- Task description -
Starting at the line that contains "完成挑战达成指定积分,玩家即", please transcribe every line through the end of the entries, exactly and with no pictures.

• • • • •

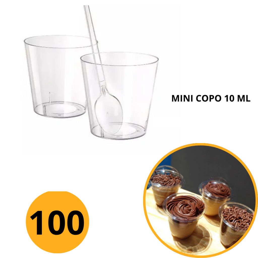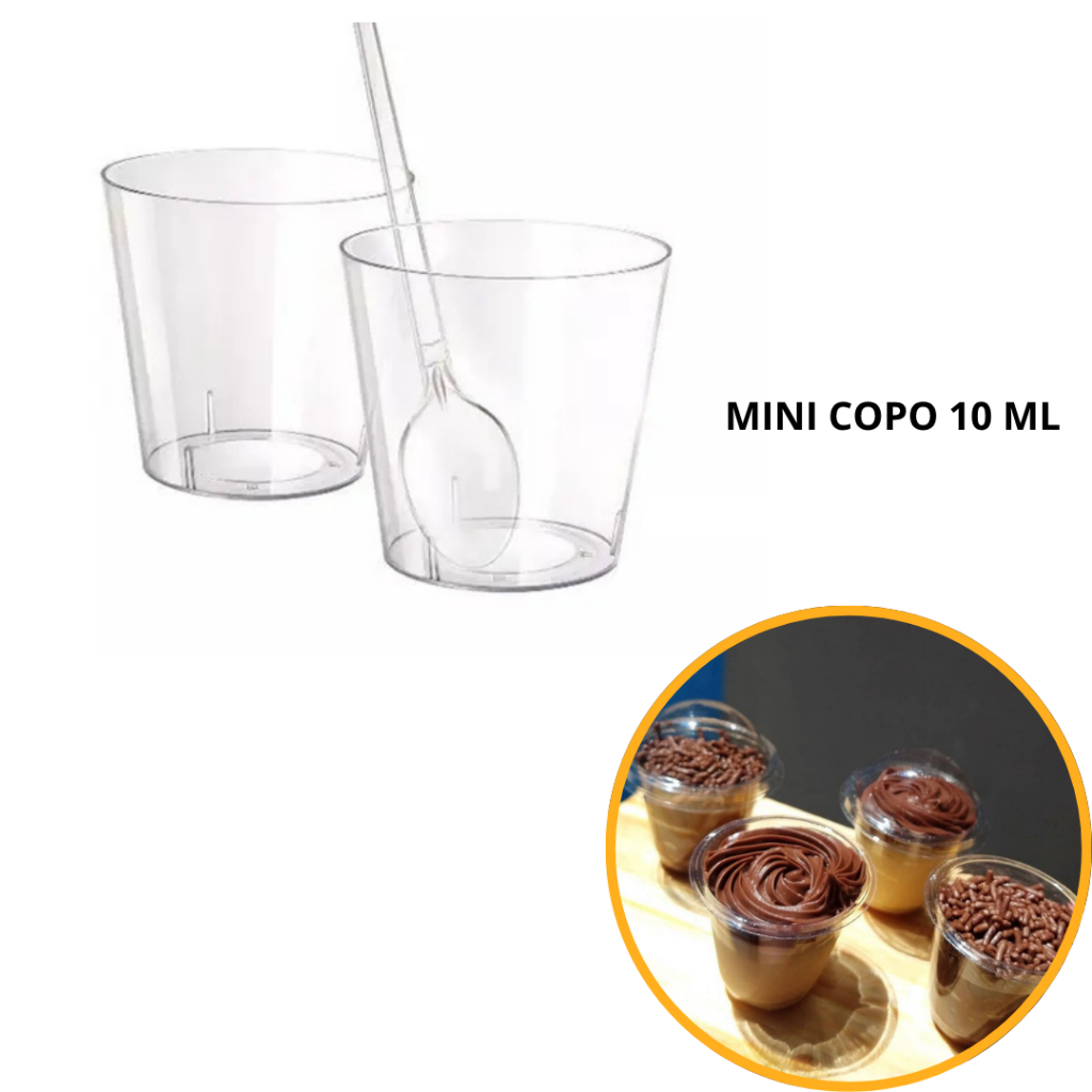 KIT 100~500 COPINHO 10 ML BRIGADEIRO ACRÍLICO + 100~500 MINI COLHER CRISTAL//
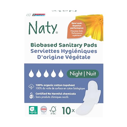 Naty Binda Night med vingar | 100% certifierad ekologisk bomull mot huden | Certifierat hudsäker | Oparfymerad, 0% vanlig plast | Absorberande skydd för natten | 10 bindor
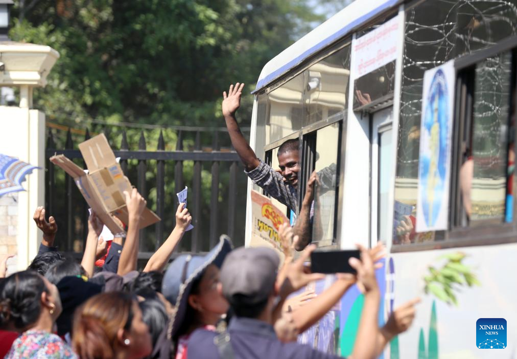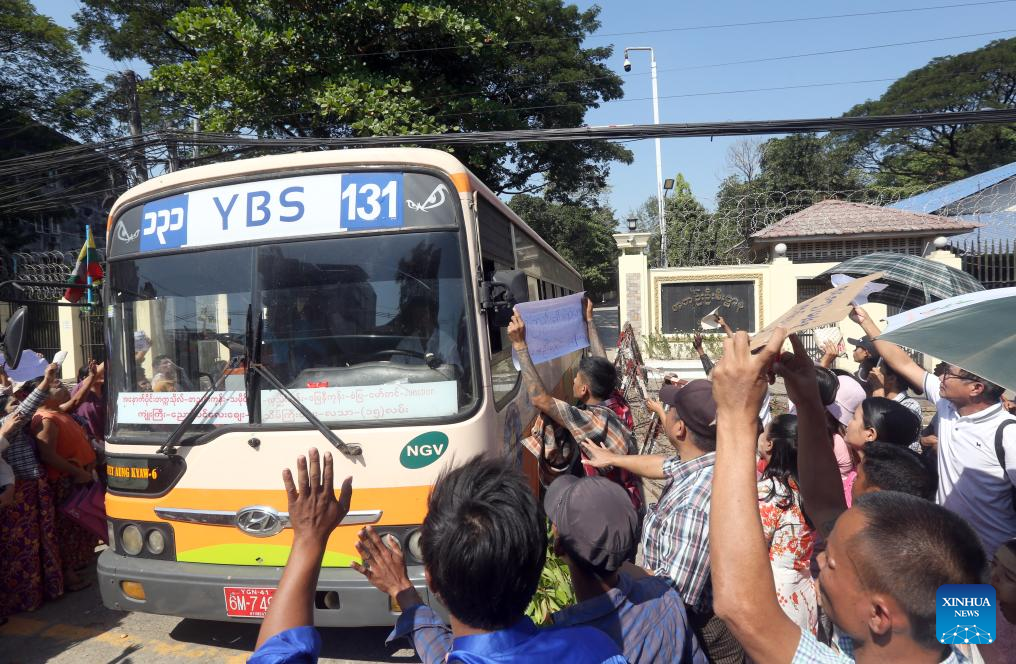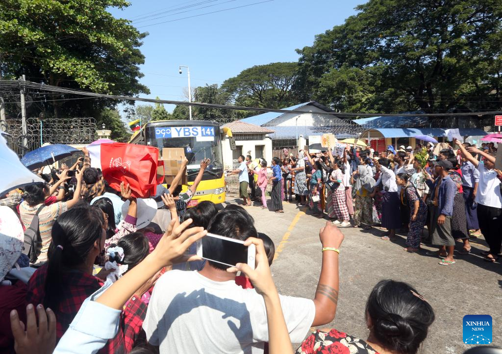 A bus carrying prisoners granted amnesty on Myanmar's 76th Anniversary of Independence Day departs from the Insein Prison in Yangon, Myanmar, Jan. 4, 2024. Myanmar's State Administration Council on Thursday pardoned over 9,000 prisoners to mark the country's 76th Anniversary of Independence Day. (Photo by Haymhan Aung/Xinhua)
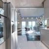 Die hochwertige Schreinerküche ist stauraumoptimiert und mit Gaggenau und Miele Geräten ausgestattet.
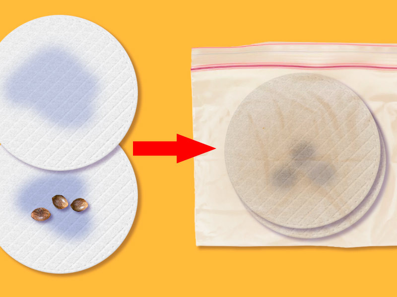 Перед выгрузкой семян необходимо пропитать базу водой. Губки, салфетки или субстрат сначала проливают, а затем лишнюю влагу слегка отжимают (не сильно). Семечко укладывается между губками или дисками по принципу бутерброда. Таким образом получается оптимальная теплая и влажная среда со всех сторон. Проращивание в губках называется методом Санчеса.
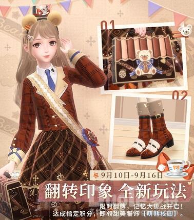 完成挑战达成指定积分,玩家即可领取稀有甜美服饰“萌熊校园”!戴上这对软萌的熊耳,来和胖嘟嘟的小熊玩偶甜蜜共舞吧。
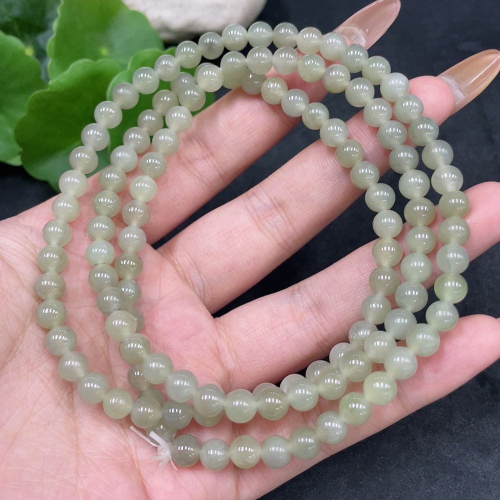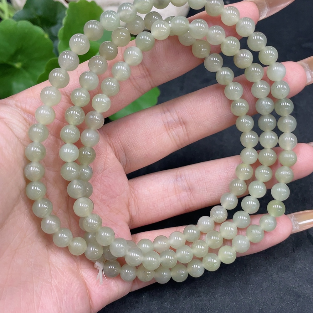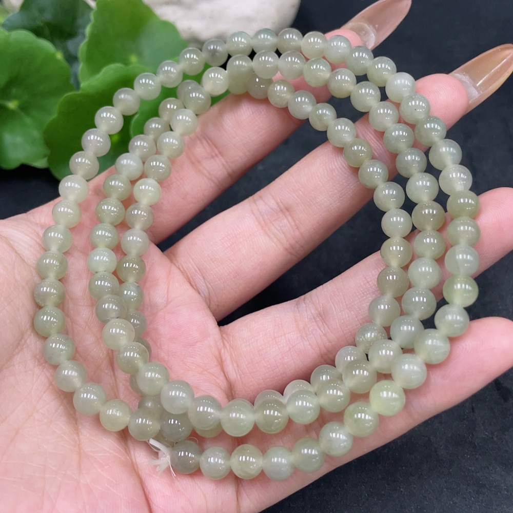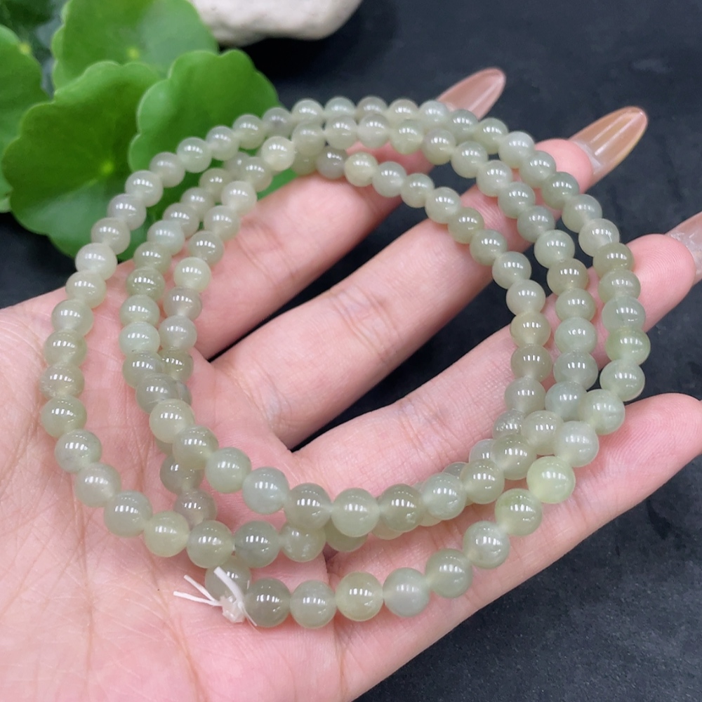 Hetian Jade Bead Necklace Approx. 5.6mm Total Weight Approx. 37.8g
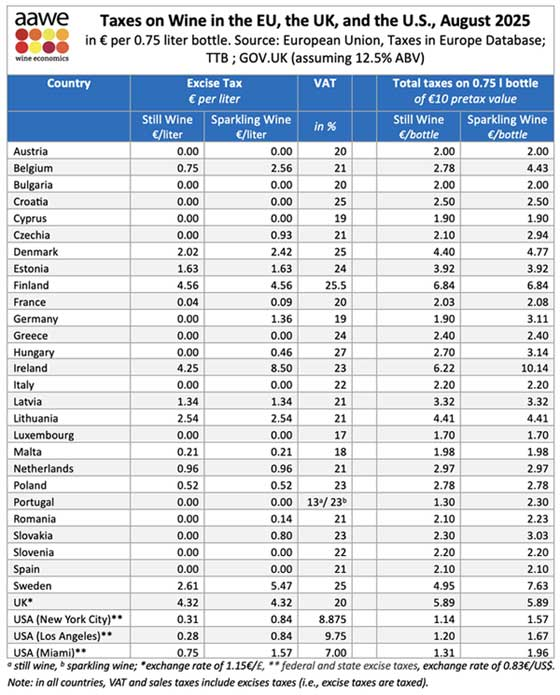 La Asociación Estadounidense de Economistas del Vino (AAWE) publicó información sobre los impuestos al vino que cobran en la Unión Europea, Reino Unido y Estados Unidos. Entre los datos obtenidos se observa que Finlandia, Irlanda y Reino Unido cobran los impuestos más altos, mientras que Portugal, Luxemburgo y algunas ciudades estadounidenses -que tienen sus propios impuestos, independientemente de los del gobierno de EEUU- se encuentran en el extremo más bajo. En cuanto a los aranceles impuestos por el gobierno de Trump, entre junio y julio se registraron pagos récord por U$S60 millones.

• • • • •

- Solution to this exercise -
 完成挑战达成指定积分,玩家即可领取稀有甜美服饰“萌熊校园”!戴上这对软萌的熊耳,来和胖嘟嘟的小熊玩偶甜蜜共舞吧。
 Hetian Jade Bead Necklace Approx. 5.6mm Total Weight Approx. 37.8g
 La Asociación Estadounidense de Economistas del Vino (AAWE) publicó información sobre los impuestos al vino que cobran en la Unión Europea, Reino Unido y Estados Unidos. Entre los datos obtenidos se observa que Finlandia, Irlanda y Reino Unido cobran los impuestos más altos, mientras que Portugal, Luxemburgo y algunas ciudades estadounidenses -que tienen sus propios impuestos, independientemente de los del gobierno de EEUU- se encuentran en el extremo más bajo. En cuanto a los aranceles impuestos por el gobierno de Trump, entre junio y julio se registraron pagos récord por U$S60 millones.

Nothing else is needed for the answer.